START Data shown

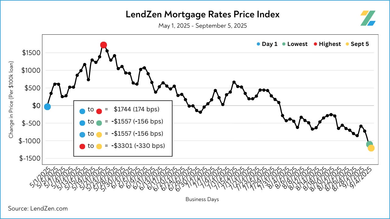 The LendZen Index tracks the price of mortgage rates across a spectrum of mortgage-backed securities.
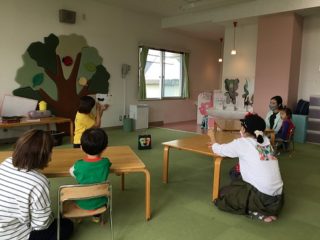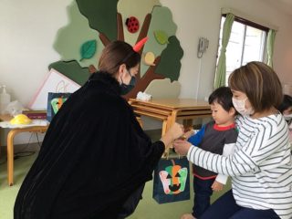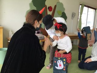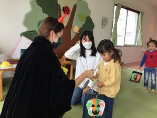 今日のエンジェルクラブはハロウィンバックを作りました。ハロウィンの話を園長先生からきいて,ハロウィンにちなんだ品物がかくれんぼしているのをみんなであてっこしました。
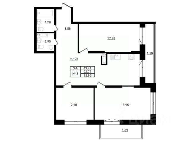 15.9 кв. м. с видом на парк 300-летия Санкт-Петербурга.
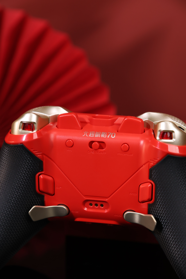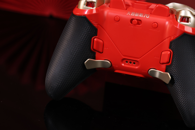 在保证美观度的同时,北通鲲鹏70马年新春限定款外形设计也兼顾了实用,玩家长按的摇杆、十字键和握把包胶用的是深邃黑配色,就算容易出手汗也不用担心手柄清理的问题。而顶部的扳机键、背键、技能键和ABXY按键都是鎏金色,整个搭配年味满满有诚意。
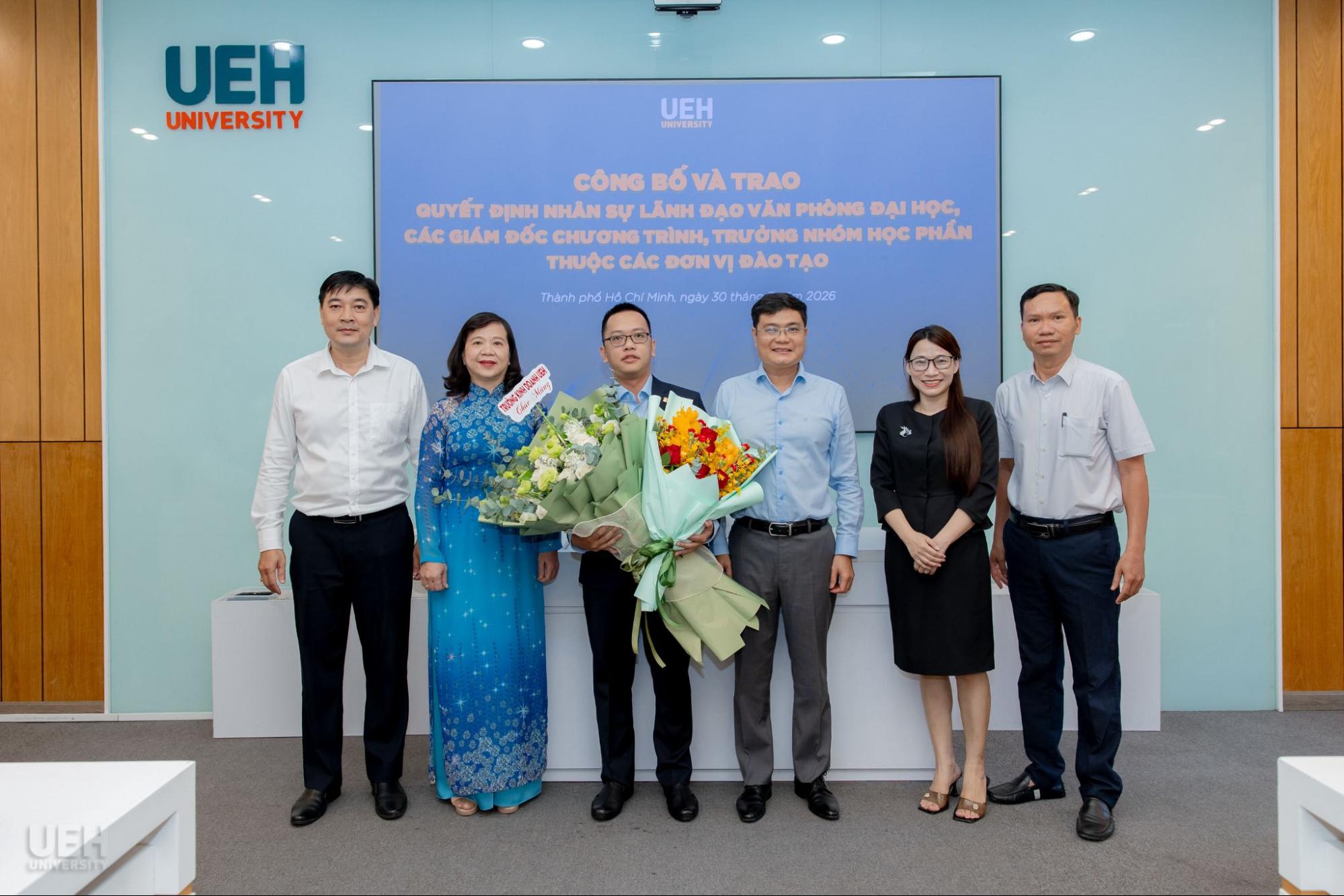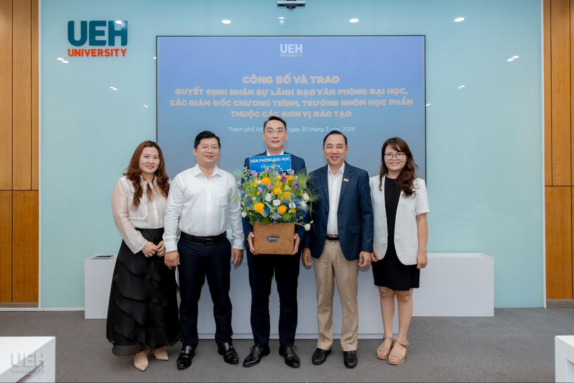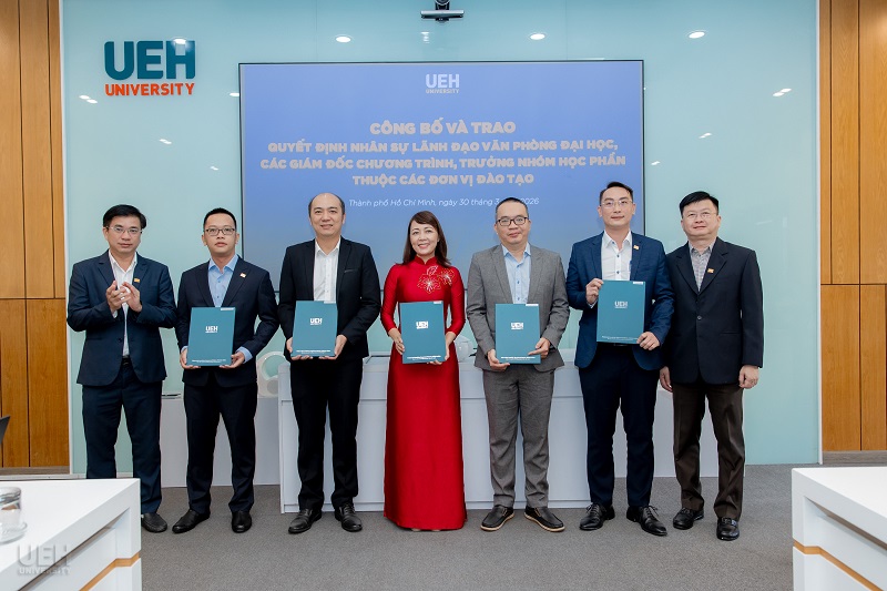 Ngày 30/03/2026, Đại học Kinh tế Thành phố Hồ Chí Minh (UEH) đã tổ chức công bố và trao các quyết định bổ nhiệm nhân sự, góp phần kiện toàn đội ngũ quản lý và chuyên môn, đáp ứng yêu cầu vận hành và phát triển trong giai đoạn mới.

END Data shown

Could you output exactly the lines above, from the line with "今日のエンジェルクラブはハロ" up to and including the line with "15.9 кв. м.", and nothing else, skipping the pictures?

 今日のエンジェルクラブはハロウィンバックを作りました。ハロウィンの話を園長先生からきいて,ハロウィンにちなんだ品物がかくれんぼしているのをみんなであてっこしました。
 15.9 кв. м. с видом на парк 300-летия Санкт-Петербурга.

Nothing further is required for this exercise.